The ‘author’ of the Anglo scheme remains out of DPP’s reach

Drumm's absence must have perplexed the jury who heard his name mentioned so often

Former Anglo Irish Bank chief executive David Drumm, who is attempting to walk away from his bankruptcy debts in Boston. Photograph: Josh Reynolds

Former Anglo Irish Bank chief executive David Drumm, who is attempting to walk away from his bankruptcy debts in Boston. Photograph: Josh Reynolds

Tue, Apr 22, 2014, 01:01

The judge in the trial of three former Anglo Irish Bank directors described the bank’s former chief executive David Drumm as “the author” of the €450 million scheme designed to prop up Anglo’s share price. In the case of two of the men, a jury found the “Maple 10” loans for shares scheme to be illegal.

Drumm’s name featured in many news reports about the case as being “not on trial” or “not before the courts”. His absence must have perplexed the jury who heard his name so often.

Near the trial’s end, a defence lawyer, referring to Drumm’s absence, described the trial as “Hamlet without the prince”.

The 47-year-old former banker moved to the US six months after resigning from Anglo in December 2008 and has refused to return to Ireland to be questioned in the five-year investigation into Anglo.

In light of the jury’s guilty verdicts against two individuals over a scheme Drumm managed and directed, it would be assumed this would strengthen any legal case to extradite him from the US.

It may not be so simple. For a person to be extradited, prosecutors must guarantee that they will face charges once surrendered to Ireland. But if a person is to be extradited, there must be corresponding offences in both countries. This is where any bid to force Drumm’s return may encounter difficulties.


Corresponding offence
In Ireland, section 60 of the Companies Act 1963 prohibits a company providing financial assistance to buy its own shares and last week’s convictions marked the first conviction under this 51-year-old law.

In the US there is no direct corresponding offence. There are certain restrictions on public companies, including under the 2002 Sarbanes-Oxley Act, but no similar ban on share lending by private firms.

One famous example of US share lending, dating back to the 1980s, involved George W Bush, later to become 43rd US president, who received two low-interest loans from an oil company to buy its shares.

The deal allowed Bush to raise enough to buy into the Texas Rangers baseball team, an investment that helped the fledgling politician amass his personal fortune and launch his political career in Texas.

“The Anglo verdict doesn’t change anything,” said a Dublin barrister familiar with extradition cases between Ireland and the US. “It has to be an offence in both jurisdictions and that can be tricky.”

Matters may be complicated further by a rule in international law known as the doctrine of specialty, which applies in the extradition treaty between Ireland and the US.

This stops a country prosecuting a person for an offence other than the crime for which they have been brought back under extradition.

Specialty is not absolute, however, and it is possible to prosecute the individual on another offence as long as the United States consents, though the rule does not apply indefinitely.

Still, this rule in the extradition treaty with the US may mean the Director of Public Prosecutions (DPP) could await completion of all the investigation files into Anglo before they proceed with an extradition application, though after five years it may be hard to see what work remains outstanding.


Refusing interview
Other transactions under investigation at Anglo during Drumm’s time as chief executive could lead to charges, though gardaí are hampered by his refusal to return for questioning.

The DPP does not deem an investigation complete and ready for charges until investigators have made every effort to interview a suspect and to put the allegations to him to see what, if anything, he might say in his defence.

That is not to say that Drumm cannot be charged without being interviewed; if there is sufficient evidence of a crime, they can charge him.
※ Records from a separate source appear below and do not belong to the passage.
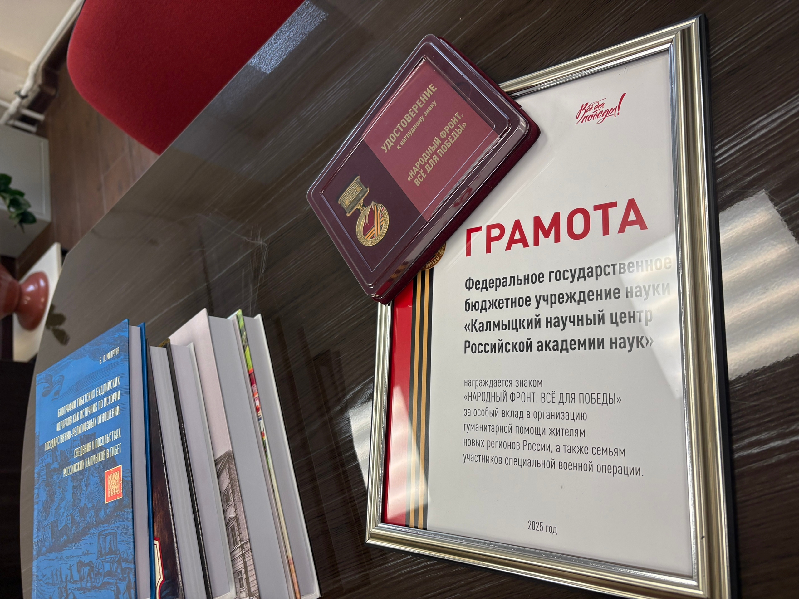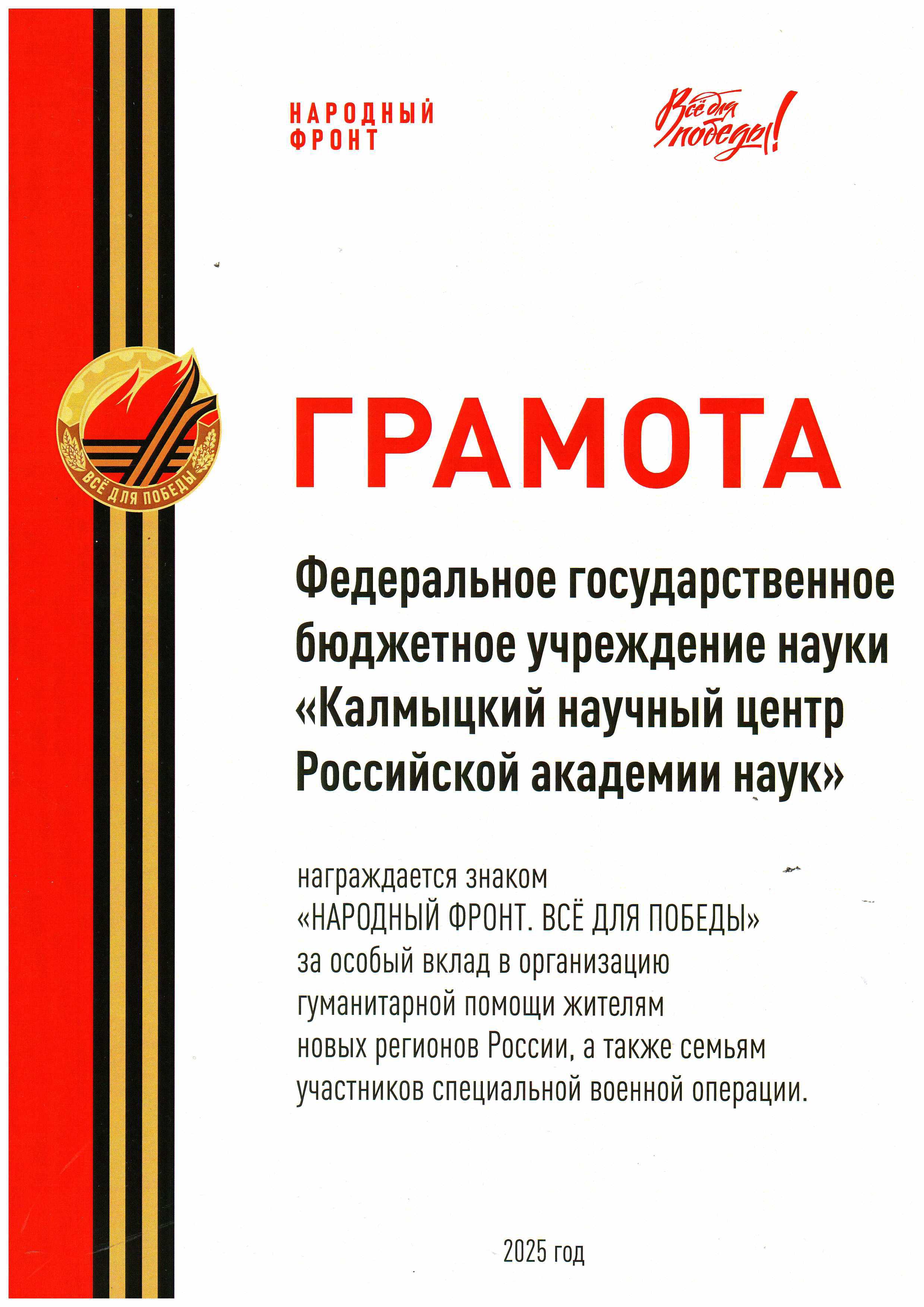 Коллектив КалмНЦ РАН удостоен нагрудного знака «НАРОДНЫЙ ФРОНТ. ВСЕ ДЛЯ ПОБЕДЫ»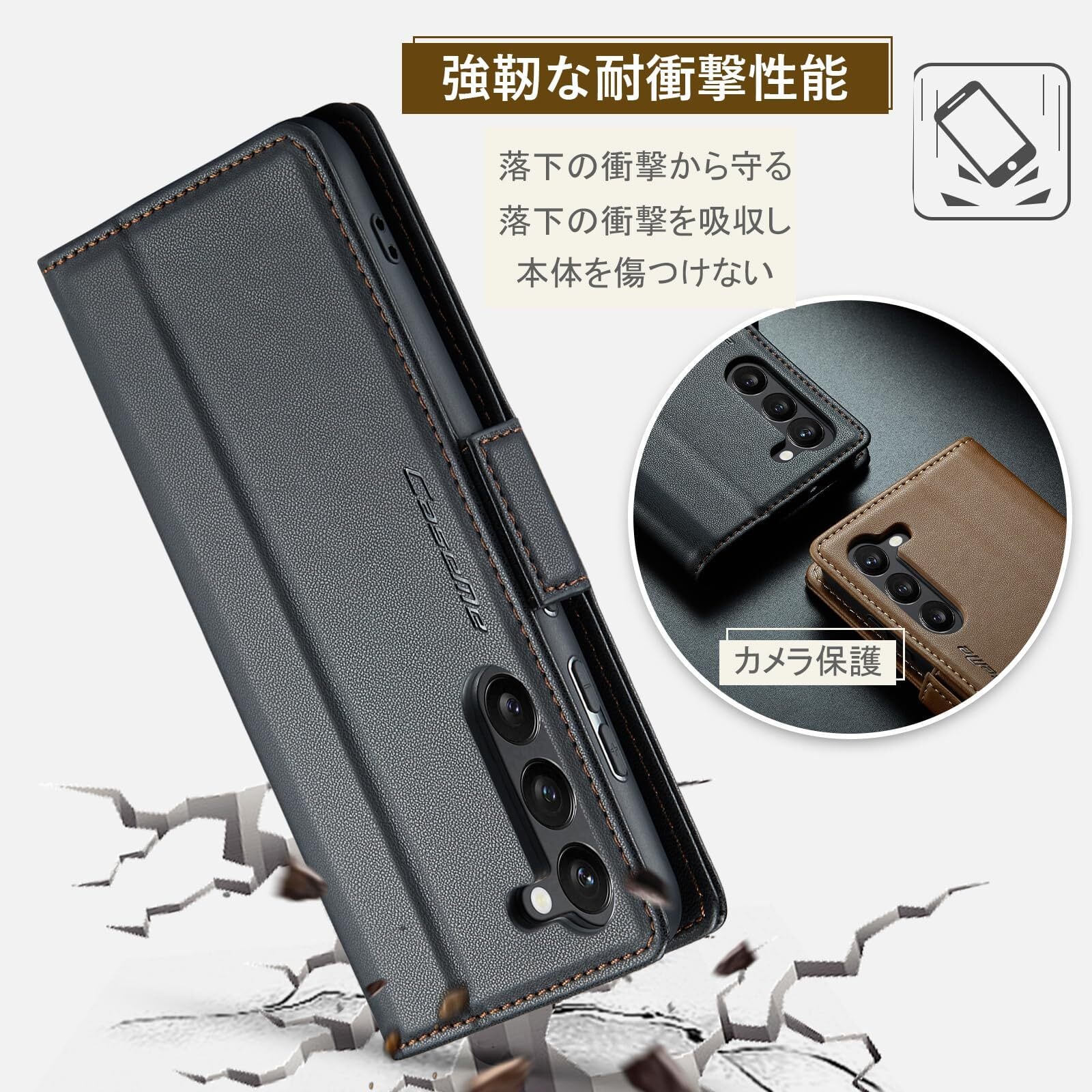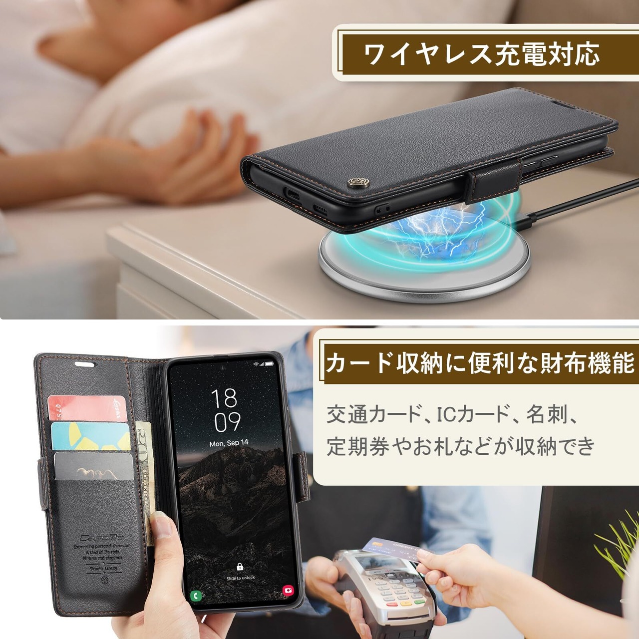 Galaxy S25 用 ケース 手帳型 財布型 カードポケット付き ギャラクシーs25 / SC-51F / SCG31 カバー カード収納 Uovon スマホケース 高級レザー 耐衝撃 全面保護 スタンド機能 ストラップホール付き マグネット式 · ブラック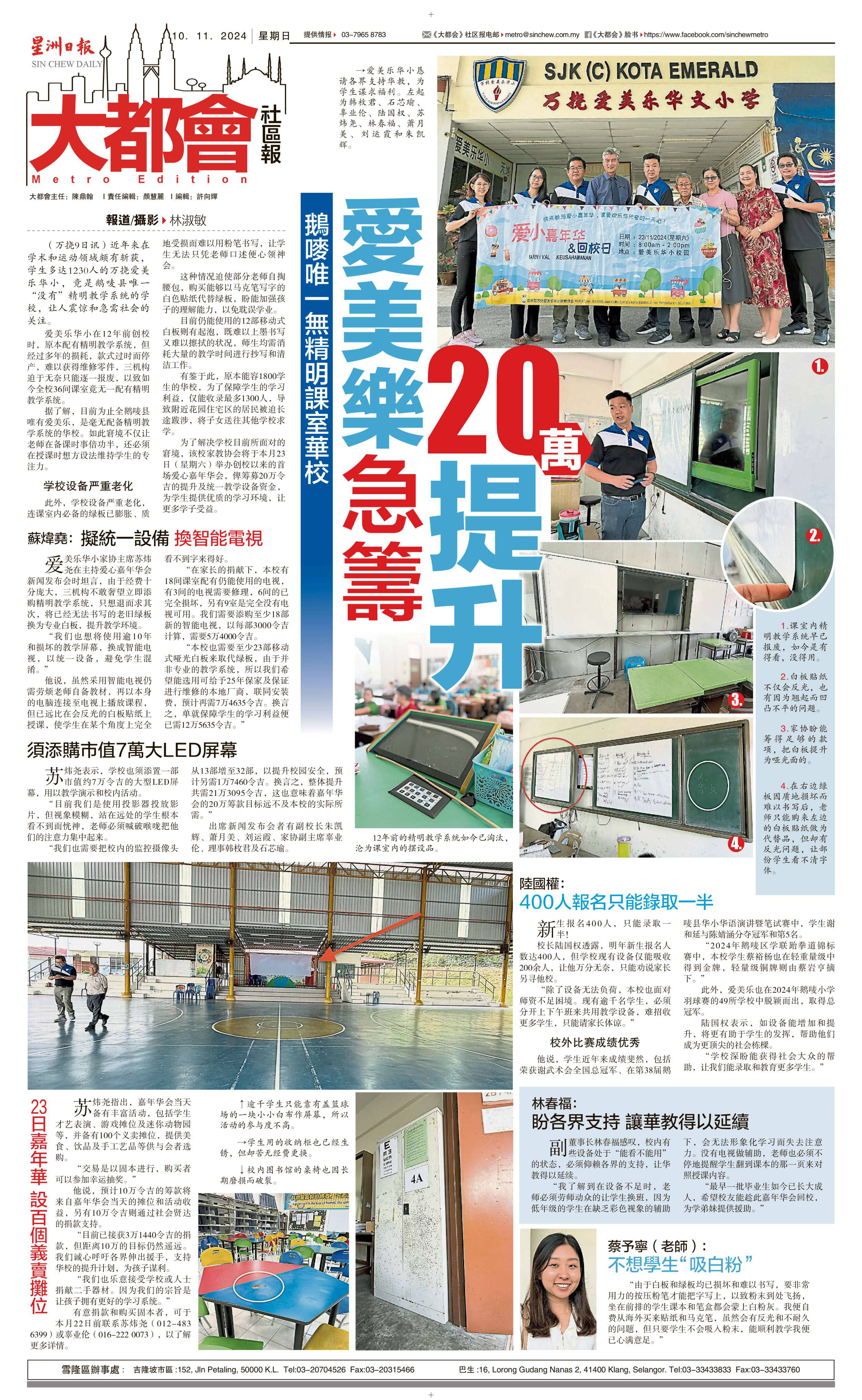鹅唛唯一无精明课室华校 爱美乐急筹20万提升
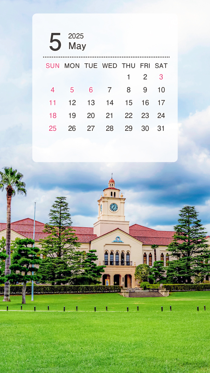 壁紙カレンダー デスクトップを関学のキャンパスで彩りませんか?季節の移ろいとともに多彩な表情を見せる美しい風景を、カレンダーにして毎月アップしています。心癒される母校の姿を、あなたの日常に。 2025年12月カレンダー スマホ用(771KB) ダウンロード PC用(796KB) ダウンロード 2026年1月カレンダー スマホ用(637KB) ダウンロード PC用(918KB) ダウンロード 2026年2月カレンダー スマホ用(539KB) ダウンロード PC用(607KB) ダウンロード 2026年3月カレンダー スマホ用(705KB) ダウンロード 1366×768(714KB) ダウンロード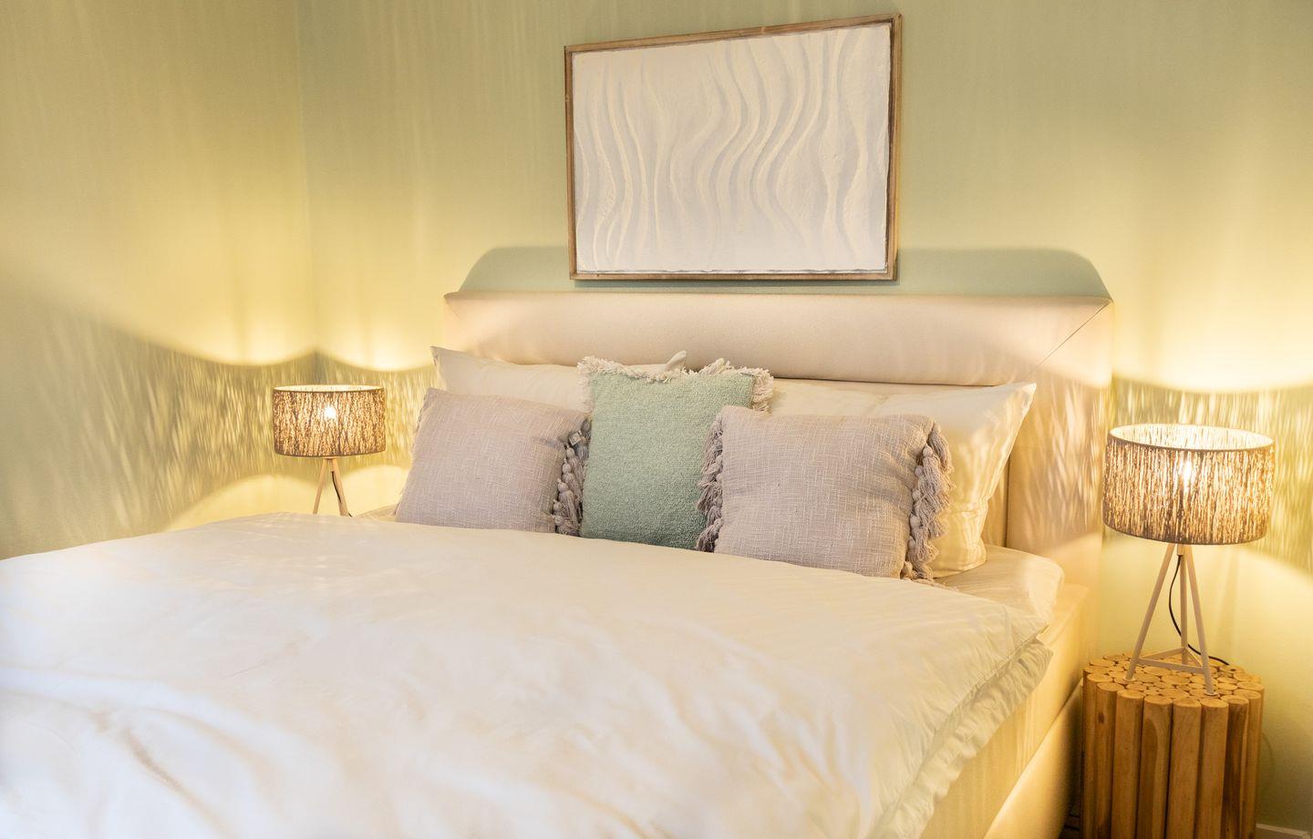Das Obergeschoss bietet zwei Schlafzimmer: Eines ist mit einem komfortablen Boxspringbett (180x200 cm) ausgestattet und hat direkten Zugang zur Dachterrasse. Im zweiten Schlafzimmer sorgt ein Hochbett mit zusätzlicher Ausziehmatratze für flexible Schlafmöglichkeiten – ideal für Kinder oder Freunde. Vorhänge in beiden Zimmern garantieren erholsamen Schlaf.

Prosecutors can seek to invoke some mutual assistance procedures from the US allowing them to interview him there. The DPP is reported to be weighing whether to bring charges against Drumm after receiving a file from investigators in late 2011.

While consideration of that issue continues, Drumm faces a trial in Boston next month to decide whether he can walk away from his bankruptcy debts.

In a legal action taken to stop that happening, his former bank said that Drumm arrived in the US with an E-2 Treaty Investor visa in June 2009.

An Irish citizen can obtain an E-2 visa for a maximum of five years, which would bring Drumm’s visa up to June 2014, though he can apply to have his visa renewed.

Judge Martin Nolan in the Anglo trial described Drumm as “a man who knew his own mind”. Showing no intention to return to Ireland, and with the potential to remain on in the US indefinitely, Drumm must be brought home if the author of the illegal share lending scheme is ever to be brought to book.